Ok, on to your second big question..
I have to think about that. Right now I would say no. It's not that it would be impossible to ex- or import data. This is instead the other way around. I already implemented such a function. As this is part of a coming feature. No, right now I assume that the structur behind it is to complex / not opitmized for this... I mean really... it is very complex.
Ok, I think I take your point. I was running under the assumption that you had approached this by simply linking gui elements to method or function calls, and thus, if one simply had even rudimentary documentation of the names of the functions or methods along with their accepted parameters, then understanding what they do should be fairly self-evident as one node in the gui would execute exactly one function or method in the code and the functions themselves wouldn't have a need for more than maybe one or two parameters, because that's all that's available in the gui itself. But if this is not the design, I couldn't imagine how it must be working behind the scenes, so I will take your word for it that it's too complex to implement.
Or another example: the routing between nodes & chapters is all guid driven. Sure you could name them yourself, but if you look into more complex chapters you would go insane by wiring them up just by code. But hey, that's my opinion. I'm a very visual person and every one of us works in a different way.
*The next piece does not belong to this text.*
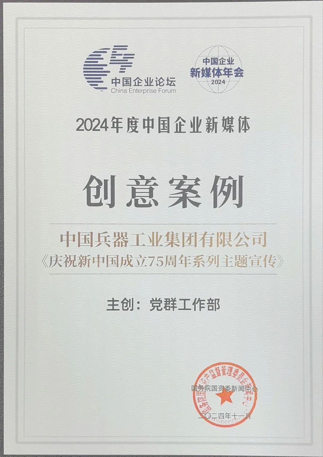 中國企業(yè)新媒體年會現場發(fā)布了“2024年度中國企業(yè)新媒體創(chuàng)新獎、創(chuàng)意獎、創(chuàng)作獎”,其中,集團公司《慶祝新中國成立75周年系列主題宣傳》榮獲2024年度中國企業(yè)新媒體創(chuàng)意案例。

I think the insanity you're referring to is an artifact of the GUI creating a program flow that is highly procedural in nature, versus being a more event-driven or object oriented design. I don't disagree with this design choice, though, as a procedural flow is going to be much simpler for someone who doesn't have a background in programming to digest and learn to do in a short amount of time. Event driven wouldn't make a whole lot of sense in this format, and while an object oriented design would be overall more robust and more flexible, it would be quite difficult if not impossible to represent and explain in a graphical way. Overall, I think you've done a really nice job of creating something that has the potential to be fairly intuitive for anyone who's inclined to put the time into creating something, but as both an interested user and a fellow developer, I would give you this advice: great documentation/tutorial mode is going to be the difference between success and failure. The easier it is to understand and utilize the content creation system, the more people will be inclined to use it, and eventually, you're bound to see some really good content come out of it, and it's that user-created content that is going to drive the user experience for the vast majority of the userbase who are going to be more interested in consuming content than creating it. Those content creators are all worth twice their weight in gold, do everything you can to empower them!
Now that I think I understand why I couldn't get things to work the way I expected, I'm going to take another shot at producing some content of my own, and I will be sure to report back on my experience. Thanks for taking the time to engage with my questions!